Six essential data visualization tools for data scientists, subverting traditional charts!

2024.03.10

In the field of data visualization, scatter plots, bar charts, line charts, box plots, and heat maps are the most common chart types. They are simple to understand and well-known. However, when faced with multiple and complex data scenarios, these standard charts may not be the best choice. In this article, the author summarizes several alternatives to these popular charts:

Size-encoded heatmaps

Traditional heat maps usually represent data values ​​through color scales. However, in practical applications, it is still challenging to accurately correspond cell colors to specific values. Dimension-encoded heat maps are an effective alternative. They use the size of graphic elements such as boxes or circles to visually display the absolute numerical size of the data. The larger the size, the higher the value. In this way, not only can the relative differences be reflected through color changes, but the absolute size of each cell value can also be visually displayed through changes in the size of the graph, making the data expression clearer, three-dimensional and easier to understand. As shown below.

Waterfall charts

To visualize changes in data values ​​over time, it is often preferred to display the actual values ​​on a line chart (or bar chart), but this makes it difficult to visually estimate the magnitude and direction of continuous changes.

Waterfall charts can clearly display data changes in each time period or stage through a cascading layout, describing the rolling differences in data, and are especially suitable for showing the scale and direction of incremental changes.

In a waterfall chart, the starting and ending values ​​are represented by the first and last bars. Through the continuous changes in the chart, the contributions and changes at different stages can be visually observed. Additionally, consecutive changes are automatically color-coded, making them easier to interpret. This design makes the waterfall chart an intuitive and clear tool for presenting changes in data, especially suitable for showing changes in value over time and the impact of each stage on the final result.

Bump charts

Bump charts are a type of chart used to visualize changes in the rankings of different items over time. When you need to present ranking changes over time for multiple categories, using a bar chart can lead to a cluttered chart. In this case, a bump map provides a clearer visualization.

The bump chart presents the ranking of items in the form of lines, with each line representing the ranking change of an item over time. This visualization of ranking changes can help observers more intuitively understand the ranking changes between different projects. Compared to bar charts, bump charts highlight ranking changes more clearly, reducing the possibility of chart clutter.

Raincloud Plots

Raincloud Plots is a data visualization tool that combines box plots, strip plots, and kernel density estimation (KDE) plots. It provides a concise yet comprehensive way of displaying data distribution and is designed to address misleading issues that can arise when using traditional boxplots and histograms.

Using the rain cloud diagram, you can:

  • Combine multiple figures to avoid false or misleading conclusions;
  • Reduce clutter and increase clarity;
  • Improve comparisons between groups;
  • Capture different aspects of your data with a single plot.

Hexbin and density plots

Hexbin plots and density plots are alternatives for visualizing large numbers of data points, and are particularly useful when a scatter plot's data points are too densely packed and difficult to interpret.

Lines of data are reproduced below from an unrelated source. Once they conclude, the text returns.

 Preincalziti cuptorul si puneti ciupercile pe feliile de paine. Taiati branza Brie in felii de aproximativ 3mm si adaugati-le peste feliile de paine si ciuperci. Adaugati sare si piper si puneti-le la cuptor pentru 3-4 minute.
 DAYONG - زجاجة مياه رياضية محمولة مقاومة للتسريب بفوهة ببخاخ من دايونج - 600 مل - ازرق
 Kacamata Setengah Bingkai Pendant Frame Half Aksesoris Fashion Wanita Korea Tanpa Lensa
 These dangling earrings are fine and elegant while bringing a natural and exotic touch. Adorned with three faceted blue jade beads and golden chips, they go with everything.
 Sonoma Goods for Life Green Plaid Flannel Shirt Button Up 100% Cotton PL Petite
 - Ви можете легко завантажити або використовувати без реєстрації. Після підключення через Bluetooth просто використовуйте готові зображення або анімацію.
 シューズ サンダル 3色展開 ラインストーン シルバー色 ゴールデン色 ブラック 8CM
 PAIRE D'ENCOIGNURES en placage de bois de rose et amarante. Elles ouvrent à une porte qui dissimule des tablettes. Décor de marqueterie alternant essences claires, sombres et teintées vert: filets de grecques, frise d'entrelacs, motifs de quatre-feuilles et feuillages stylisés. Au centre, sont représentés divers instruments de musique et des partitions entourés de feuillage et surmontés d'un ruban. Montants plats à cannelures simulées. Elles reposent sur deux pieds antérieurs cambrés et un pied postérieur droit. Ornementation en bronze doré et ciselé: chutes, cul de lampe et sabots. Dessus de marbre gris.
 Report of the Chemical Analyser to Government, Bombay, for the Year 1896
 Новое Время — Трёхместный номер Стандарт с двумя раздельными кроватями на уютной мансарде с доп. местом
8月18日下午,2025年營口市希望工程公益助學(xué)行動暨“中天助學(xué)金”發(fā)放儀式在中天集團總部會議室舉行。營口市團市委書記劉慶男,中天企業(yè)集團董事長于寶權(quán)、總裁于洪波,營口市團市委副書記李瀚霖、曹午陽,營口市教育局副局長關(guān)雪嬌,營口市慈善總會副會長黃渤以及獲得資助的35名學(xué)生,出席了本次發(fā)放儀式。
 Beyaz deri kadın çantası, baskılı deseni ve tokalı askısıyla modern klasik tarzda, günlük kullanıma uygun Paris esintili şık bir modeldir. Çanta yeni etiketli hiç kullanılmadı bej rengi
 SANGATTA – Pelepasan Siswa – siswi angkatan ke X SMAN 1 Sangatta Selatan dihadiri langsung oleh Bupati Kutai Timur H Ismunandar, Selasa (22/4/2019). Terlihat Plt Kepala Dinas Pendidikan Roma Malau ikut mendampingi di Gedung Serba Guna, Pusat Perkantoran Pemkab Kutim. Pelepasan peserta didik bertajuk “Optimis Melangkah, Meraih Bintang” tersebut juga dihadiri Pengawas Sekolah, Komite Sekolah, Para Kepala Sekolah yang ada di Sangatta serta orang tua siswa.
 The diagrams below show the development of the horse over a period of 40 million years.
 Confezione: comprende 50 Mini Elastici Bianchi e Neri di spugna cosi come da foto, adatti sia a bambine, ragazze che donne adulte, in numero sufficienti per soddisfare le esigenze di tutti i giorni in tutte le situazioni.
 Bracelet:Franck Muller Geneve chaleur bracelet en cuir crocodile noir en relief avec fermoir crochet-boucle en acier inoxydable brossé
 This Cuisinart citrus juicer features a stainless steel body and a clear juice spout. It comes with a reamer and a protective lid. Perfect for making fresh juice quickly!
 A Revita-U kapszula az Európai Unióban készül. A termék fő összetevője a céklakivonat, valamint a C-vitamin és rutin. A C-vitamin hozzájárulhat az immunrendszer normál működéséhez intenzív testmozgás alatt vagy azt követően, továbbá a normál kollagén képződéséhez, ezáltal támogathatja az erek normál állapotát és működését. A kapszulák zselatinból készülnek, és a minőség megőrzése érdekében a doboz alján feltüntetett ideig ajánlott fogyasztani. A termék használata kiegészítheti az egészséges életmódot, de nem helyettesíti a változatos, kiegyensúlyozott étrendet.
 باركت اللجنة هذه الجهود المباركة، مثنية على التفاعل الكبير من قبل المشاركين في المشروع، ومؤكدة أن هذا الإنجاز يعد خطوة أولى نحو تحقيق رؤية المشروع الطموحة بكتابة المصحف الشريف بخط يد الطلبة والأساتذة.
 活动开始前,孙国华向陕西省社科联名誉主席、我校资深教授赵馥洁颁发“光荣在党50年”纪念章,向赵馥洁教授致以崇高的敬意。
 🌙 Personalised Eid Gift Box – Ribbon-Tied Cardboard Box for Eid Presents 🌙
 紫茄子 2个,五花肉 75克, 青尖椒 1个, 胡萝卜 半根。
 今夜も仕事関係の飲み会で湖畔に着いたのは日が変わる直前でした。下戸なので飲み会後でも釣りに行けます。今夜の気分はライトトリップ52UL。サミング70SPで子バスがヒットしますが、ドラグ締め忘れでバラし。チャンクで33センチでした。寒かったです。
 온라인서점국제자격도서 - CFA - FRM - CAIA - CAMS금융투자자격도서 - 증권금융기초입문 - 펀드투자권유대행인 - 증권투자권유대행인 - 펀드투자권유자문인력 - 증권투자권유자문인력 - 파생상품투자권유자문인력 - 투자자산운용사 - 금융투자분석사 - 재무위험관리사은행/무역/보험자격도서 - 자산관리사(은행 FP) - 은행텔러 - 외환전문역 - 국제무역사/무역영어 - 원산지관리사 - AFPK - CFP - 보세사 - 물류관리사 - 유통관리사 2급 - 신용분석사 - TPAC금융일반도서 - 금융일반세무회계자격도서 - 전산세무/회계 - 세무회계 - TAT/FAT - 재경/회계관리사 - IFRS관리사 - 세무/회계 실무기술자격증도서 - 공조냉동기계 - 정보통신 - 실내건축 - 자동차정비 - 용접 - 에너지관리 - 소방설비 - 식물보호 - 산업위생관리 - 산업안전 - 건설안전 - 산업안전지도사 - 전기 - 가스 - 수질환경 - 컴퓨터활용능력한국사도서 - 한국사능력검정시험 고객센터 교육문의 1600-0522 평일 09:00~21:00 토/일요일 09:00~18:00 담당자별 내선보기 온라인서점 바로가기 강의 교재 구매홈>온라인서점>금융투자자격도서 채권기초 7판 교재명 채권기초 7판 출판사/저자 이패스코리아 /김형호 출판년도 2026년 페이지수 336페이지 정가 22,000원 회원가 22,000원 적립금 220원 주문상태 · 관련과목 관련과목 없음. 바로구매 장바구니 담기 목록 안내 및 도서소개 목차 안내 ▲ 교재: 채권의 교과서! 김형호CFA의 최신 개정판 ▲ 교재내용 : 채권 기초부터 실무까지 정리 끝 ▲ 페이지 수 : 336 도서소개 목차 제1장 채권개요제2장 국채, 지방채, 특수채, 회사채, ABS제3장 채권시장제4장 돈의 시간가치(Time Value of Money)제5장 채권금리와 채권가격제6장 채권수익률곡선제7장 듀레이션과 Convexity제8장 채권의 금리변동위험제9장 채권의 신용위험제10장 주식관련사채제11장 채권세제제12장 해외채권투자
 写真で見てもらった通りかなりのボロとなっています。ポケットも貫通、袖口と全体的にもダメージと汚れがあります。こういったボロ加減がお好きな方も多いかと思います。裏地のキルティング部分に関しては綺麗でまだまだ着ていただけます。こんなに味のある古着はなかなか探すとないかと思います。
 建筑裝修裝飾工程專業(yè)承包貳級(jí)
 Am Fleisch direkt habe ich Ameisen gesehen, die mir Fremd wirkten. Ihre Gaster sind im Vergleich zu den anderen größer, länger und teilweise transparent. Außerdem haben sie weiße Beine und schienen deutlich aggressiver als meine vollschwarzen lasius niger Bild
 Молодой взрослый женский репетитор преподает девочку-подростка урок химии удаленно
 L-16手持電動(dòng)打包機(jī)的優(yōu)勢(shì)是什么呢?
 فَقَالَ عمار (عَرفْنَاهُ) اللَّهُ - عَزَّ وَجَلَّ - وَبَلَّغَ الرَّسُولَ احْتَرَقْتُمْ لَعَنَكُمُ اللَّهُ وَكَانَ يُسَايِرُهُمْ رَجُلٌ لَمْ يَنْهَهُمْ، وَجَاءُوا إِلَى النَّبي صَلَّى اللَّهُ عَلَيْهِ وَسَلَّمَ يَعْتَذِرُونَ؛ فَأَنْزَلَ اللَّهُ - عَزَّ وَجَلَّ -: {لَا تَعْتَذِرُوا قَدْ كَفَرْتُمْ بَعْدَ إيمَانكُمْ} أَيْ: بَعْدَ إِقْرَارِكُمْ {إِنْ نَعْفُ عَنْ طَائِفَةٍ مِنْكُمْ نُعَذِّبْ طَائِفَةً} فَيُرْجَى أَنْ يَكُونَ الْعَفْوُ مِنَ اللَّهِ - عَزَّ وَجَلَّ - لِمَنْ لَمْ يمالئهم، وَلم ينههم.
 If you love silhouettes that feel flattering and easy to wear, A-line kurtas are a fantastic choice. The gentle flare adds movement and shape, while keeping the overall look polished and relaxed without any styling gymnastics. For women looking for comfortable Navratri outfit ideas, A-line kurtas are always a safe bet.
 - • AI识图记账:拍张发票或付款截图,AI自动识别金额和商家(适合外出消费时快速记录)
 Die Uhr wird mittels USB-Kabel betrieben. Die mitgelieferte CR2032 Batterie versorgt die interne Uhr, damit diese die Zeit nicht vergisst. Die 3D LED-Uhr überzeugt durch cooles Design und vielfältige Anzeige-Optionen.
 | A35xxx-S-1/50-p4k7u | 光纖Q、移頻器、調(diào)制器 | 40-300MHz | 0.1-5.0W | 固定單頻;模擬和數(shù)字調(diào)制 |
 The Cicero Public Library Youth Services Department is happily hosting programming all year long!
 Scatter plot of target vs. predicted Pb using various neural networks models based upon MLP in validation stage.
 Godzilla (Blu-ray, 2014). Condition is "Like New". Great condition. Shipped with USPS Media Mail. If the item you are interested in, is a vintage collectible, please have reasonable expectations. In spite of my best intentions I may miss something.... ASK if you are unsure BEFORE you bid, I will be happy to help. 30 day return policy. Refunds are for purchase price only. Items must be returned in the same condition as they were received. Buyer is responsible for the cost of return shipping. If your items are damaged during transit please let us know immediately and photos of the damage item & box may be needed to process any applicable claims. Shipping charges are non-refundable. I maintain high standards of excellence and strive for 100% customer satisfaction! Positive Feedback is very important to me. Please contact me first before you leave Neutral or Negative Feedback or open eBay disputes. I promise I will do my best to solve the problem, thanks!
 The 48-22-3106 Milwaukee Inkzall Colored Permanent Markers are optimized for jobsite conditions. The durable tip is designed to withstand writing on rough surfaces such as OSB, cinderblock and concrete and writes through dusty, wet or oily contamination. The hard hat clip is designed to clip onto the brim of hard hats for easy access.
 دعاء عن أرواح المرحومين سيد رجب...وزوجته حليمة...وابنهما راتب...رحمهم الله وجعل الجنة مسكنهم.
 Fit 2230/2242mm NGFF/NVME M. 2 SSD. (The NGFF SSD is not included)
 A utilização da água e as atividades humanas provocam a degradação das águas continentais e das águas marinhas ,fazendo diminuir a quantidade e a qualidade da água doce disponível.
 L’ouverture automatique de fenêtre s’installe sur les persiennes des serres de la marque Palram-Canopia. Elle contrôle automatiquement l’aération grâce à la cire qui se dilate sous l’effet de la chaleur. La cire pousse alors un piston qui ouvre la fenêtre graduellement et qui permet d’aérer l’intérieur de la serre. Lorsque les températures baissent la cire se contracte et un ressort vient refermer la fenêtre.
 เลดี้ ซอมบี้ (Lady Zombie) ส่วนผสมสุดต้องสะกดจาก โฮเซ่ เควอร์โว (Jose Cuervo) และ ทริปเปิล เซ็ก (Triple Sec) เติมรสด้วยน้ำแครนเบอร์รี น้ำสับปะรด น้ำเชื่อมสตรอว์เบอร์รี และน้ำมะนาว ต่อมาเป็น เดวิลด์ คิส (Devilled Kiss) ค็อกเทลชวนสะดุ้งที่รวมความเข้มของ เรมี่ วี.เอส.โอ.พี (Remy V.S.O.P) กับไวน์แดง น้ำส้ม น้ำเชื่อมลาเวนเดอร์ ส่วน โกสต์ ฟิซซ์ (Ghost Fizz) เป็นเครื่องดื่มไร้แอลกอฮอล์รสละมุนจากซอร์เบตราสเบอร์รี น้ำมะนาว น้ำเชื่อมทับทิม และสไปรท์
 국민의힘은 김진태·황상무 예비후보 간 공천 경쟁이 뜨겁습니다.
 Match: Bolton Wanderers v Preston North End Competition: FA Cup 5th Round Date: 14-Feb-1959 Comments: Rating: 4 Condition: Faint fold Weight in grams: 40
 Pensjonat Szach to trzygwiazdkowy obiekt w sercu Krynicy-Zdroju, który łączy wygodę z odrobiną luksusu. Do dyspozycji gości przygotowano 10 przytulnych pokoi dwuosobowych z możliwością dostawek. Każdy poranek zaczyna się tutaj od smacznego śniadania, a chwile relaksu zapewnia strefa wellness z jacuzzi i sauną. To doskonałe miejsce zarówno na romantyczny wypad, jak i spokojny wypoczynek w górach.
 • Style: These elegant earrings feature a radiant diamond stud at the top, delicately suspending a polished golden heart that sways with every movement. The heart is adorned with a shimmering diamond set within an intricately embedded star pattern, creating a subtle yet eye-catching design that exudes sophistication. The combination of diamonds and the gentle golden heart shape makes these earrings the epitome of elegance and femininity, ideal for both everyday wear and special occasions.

Hexbin plots divide the chart area into hexagonal regions and assign each region a color intensity based on the number of data points in it. This method can more clearly display the density and distribution of data points and avoid visual clutter when data points are too dense.

Density plots, on the other hand, create contours by connecting points of equal density, using contour lines to depict the distribution of data points in two-dimensional space. This presentation method can display the distribution of data more intuitively and help observers better understand the density and distribution patterns of data points.

Bubble charts and Dot plots

Bubble and dot plots are effective visual alternatives to bar charts and are particularly useful when presenting data across a large number of categories to avoid chart clutter.

A bubble chart is a chart similar to a scatter chart, but with a categorical axis and a continuous axis. By using the size of the bubbles to represent the value of the data, bubble charts can more visually show changes in data over time.

Dot plots are an alternative to bar charts, emphasizing that we are primarily interested in representing the individual endpoints of total value, while eliminating long bars that are of little use. Both charts effectively solve the problem when a bar chart contains too many bars, making it difficult for the observer to focus on the length of a single bar.